Rafle, c’est à dire : au petit matin, à l’improviste, l’arrestation de 118 personnes.
Violente, c’est à dire : un quartier bouclé, 400 policiers, des outils décrits comme des tronçonneuses, des chiens, l’entrée dans le foyer sans la présence du gérant, l’entrée dans les chambres, en frappant sans attendre de réponse, par effraction à coups de bélier.
Des tribunaux expéditifs
L’affaire doit se régler dans la semaine : d’un tribunal à l’autre, chaque appelé est ballotté, souvent sans convocation, sans avoir compris où, quand et pourquoi il devrait exactement se rendre devant la Justice, avec au mieux 24 heures pour constituer un dossier, sans aucune préparation, sans toujours pouvoir lire ou comprendre de quoi traitent tous les documents qui le concernent, tous les mots prononcés à son sujet.

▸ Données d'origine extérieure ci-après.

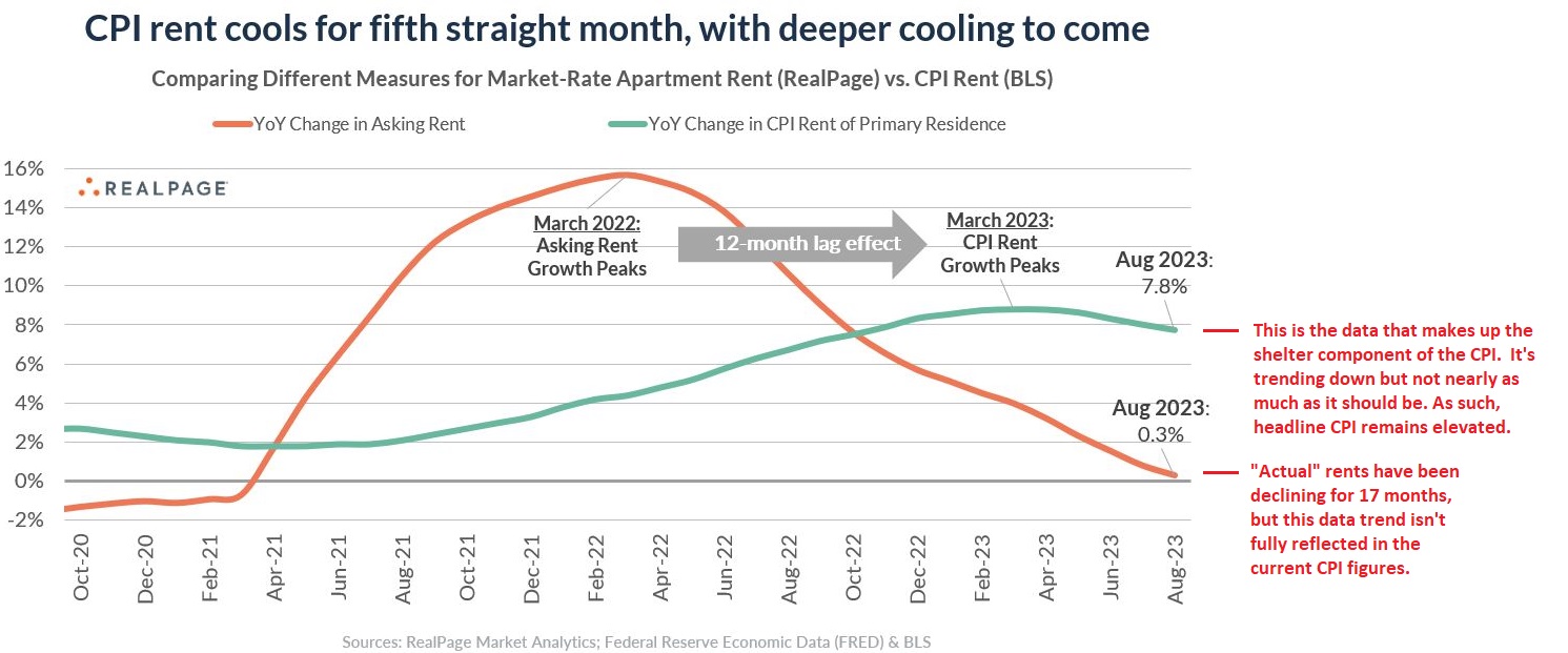OK…now let’s look at the below chart which plots the shelter component (CPI Rent) against actual Asking Rents. Notice how there is a 12-month lag between the two datasets. Actual rents (in orange) shave been falling since 3/2022, but the CPI rent component (in green) was still rising and didn’t peak until 3/2023 – 12 months later! Keep in mind, this is what the Fed watches – a 12-month lagging indicator that makes up almost 33% of the CPI. UGH!! So what’s the bottom line here?

Or c’est par l’alphabétisation que notre association connaît les résidents de ce foyer, dont la majorité des personnes interpellées, et, pour suivre avec attention les procès en cours, nous nous étonnons de l’extrême condescendance qui s’y manifeste à l’égard des appelés, concernant leur langue maternelle et leur compréhension de la langue française.
Dans ces procès faits aux interpellés du foyer de la rue des Terres-au-Curé, se joue l’avenir d’une société française qui doit décider :
soit de recourir à des modifications juridictionnelles d’exception ( qui ne seraient pas loin de rappeler cruellement ce mécanisme pour lequel, il n’y a pas si longtemps, notre précédent Président a reconnu la culpabilité de l’Etat ).

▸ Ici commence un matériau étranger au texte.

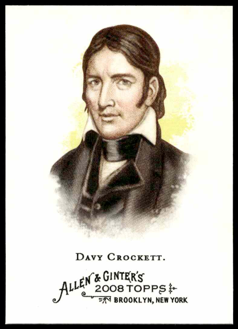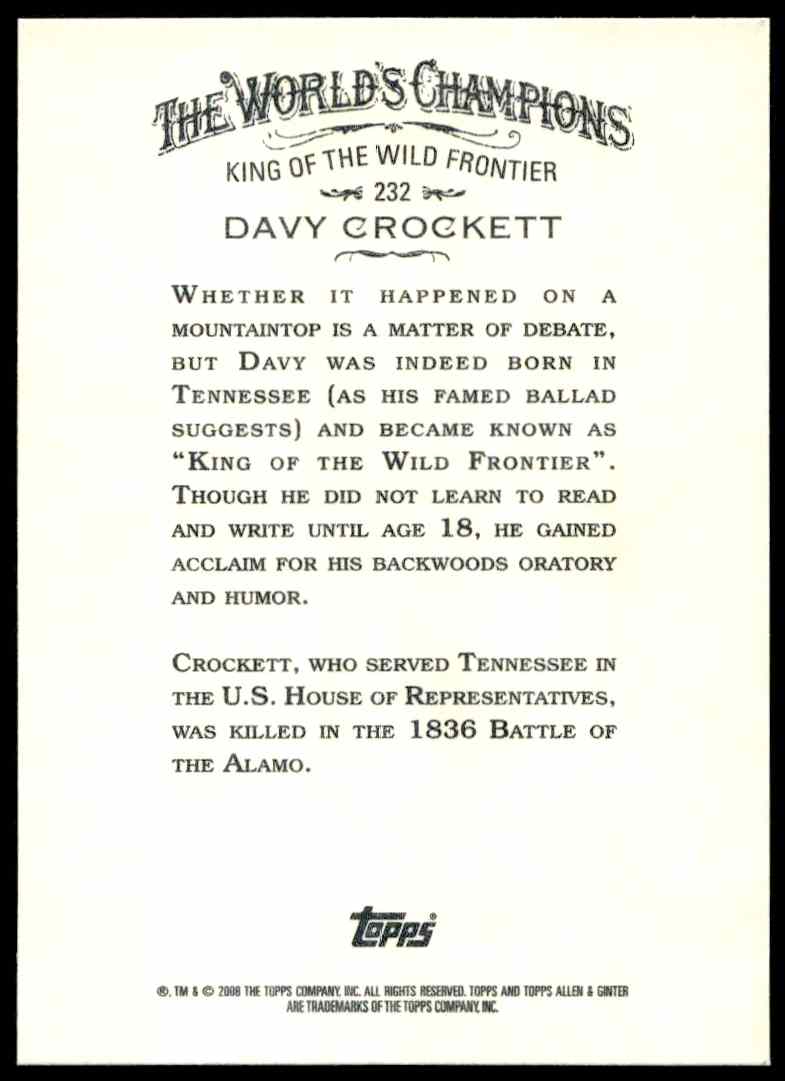 This Baseball card, from 2008 is part of the Topps Allen & Ginter card set. Davy Crockett is featured and has a card number of 232.

soit d’assumer globalement le phénomène humain de l’immigration qui participe à son économie, à son rayonnement, à sa richesse, tant en France qu’au Mali, et dont chacun secrètement profite.

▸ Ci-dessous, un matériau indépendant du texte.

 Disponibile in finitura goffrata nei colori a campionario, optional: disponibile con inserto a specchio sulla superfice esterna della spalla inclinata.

Pour finir, et comme l’exprimait très finement un policier à la Cour d’Appel du Juge des Libertés : “ ici s’applique la Justice, ce qui ne veut pas dire que c’est juste”.
Chacun d’entre nous doit s’exprimer et agir en connaissance de cause, donc être informé loyalement, pour décider de l’éventuelle divergence entre “juste” et “Justice” dans une affaire de cette importance.
Or les informations médiatisées autour de la rafle au foyer de la rue des Terres-au-Curé sont partielles, partiales et particulièrement dégradantes pour la population des migrants. Nous tenons donc à rétablir une information et interpeller chacun sur sa propre conception de la Justice dans ce pays.